- See: Apostolic Vicariate of Jolo
- Appointed: October 11, 1991
- Installed: February 15, 1992
- Term ended: February 4, 1997
- Predecessor: George Eli Dion
- Successor: Angelito Lampon
- Other post: Titular Bishop of Bladia

Orders
- Ordination: December 29, 1967
- Consecration: January 6, 1992 by Pope John Paul II

Personal details
- Born: Benjamin David de Jesus July 25, 1940 Malabon, Rizal, Philippine Commonwealth
- Died: February 4, 1997 (aged 56) Jolo, Sulu, Philippines
- Buried: Jolo Cathedral
- Denomination: Roman Catholic
- Motto: "Amare Est Servire"
- Coat of arms: Benjamin David de Jesus's coat of arms

= Benjamin de Jesus =

Roman Catholic prelate (1940–1997)

Benjamin David de Jesus (July 25, 1940 – February 4, 1997) was a Philippine prelate of the Catholic Church who served as the Apostolic Vicar of Jolo from 1992 until his murder in 1997. He was the first Filipino bishop to be assassinated in the history of the Catholic Bishops' Conference of the Philippines.

==Biography==
Benjamin David de Jesus was born in the Hulong Duhat district of Malabon, Rizal (now part of Metro Manila) on July 25, 1940. He was ordained a priest as a member of the Oblates of Mary Immaculate on December 29, 1967.

On October 11, 1991, Pope John Paul II named him titular bishop of Bladia and Apostolic Vicar of Jolo.

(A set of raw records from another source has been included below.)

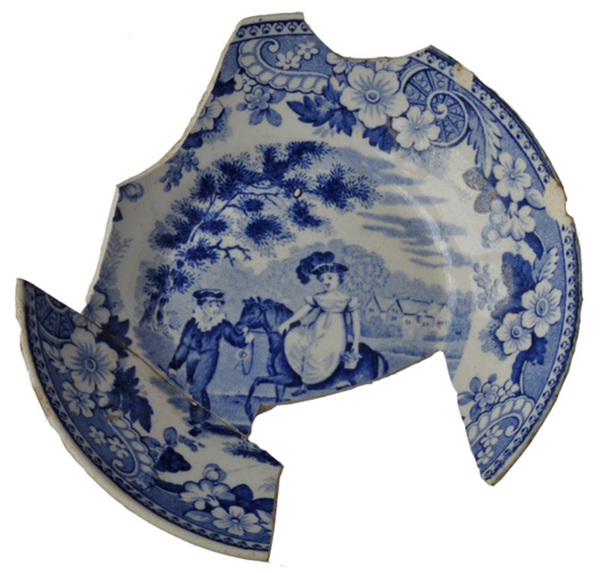 | 5c | drukdecor in blauw: DB opaque China; vlag: bloemen, spiegel: jongeman met een meisje op een paard blauw |
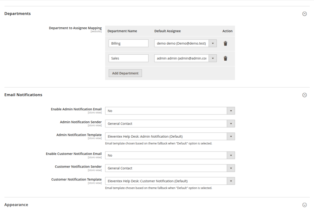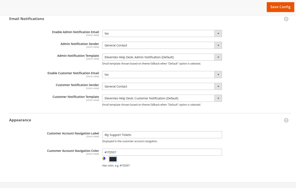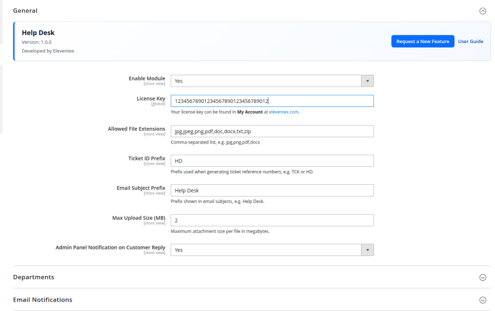 Enable ModuleSet toYesto enable storefront and admin Help Desk functionality.License KeyEnter the Eleventex license key if your project uses license validation.Allowed File ExtensionsEnter a comma-separated list such asjpg,png,pdf,docx.Ticket ID PrefixSet the prefix for generated ticket references, such asTCKorHD.Email Subject PrefixSet the prefix used in Help Desk emails.Max Upload Size (MB)Set the maximum attachment size allowed per file.Admin Panel Notification on Customer ReplySet toYesif admin inbox notifications should be created when a customer replies.
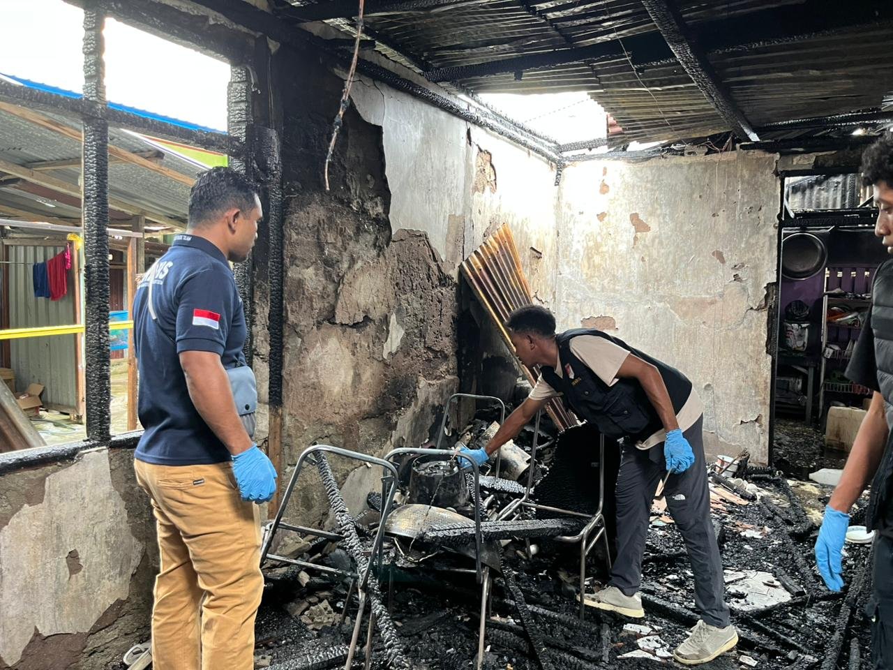 Kegiatan olah TKP tersebut dipimpin langsung oleh Kbo Reskrim IPDA Deni Wibowo, S.H bersama Anggota Ident dan Piket Reskrim. Kebakaran yang terjadi sekitar pukul 15.00 WIT itu menghanguskan sebagian besar bangunan rumah korban.

He received his episcopal consecration on January 6, 1992 from Pope John Paul. He was installed in Jolo on February 15.

He was shot six times and killed outside Jolo Cathedral on February 4, 1997. A female bystander was killed and several others were wounded. Authorities blamed Abu Sayyaf, a Muslim group intent on disrupting interreligious rapprochement. The crime remains unsolved.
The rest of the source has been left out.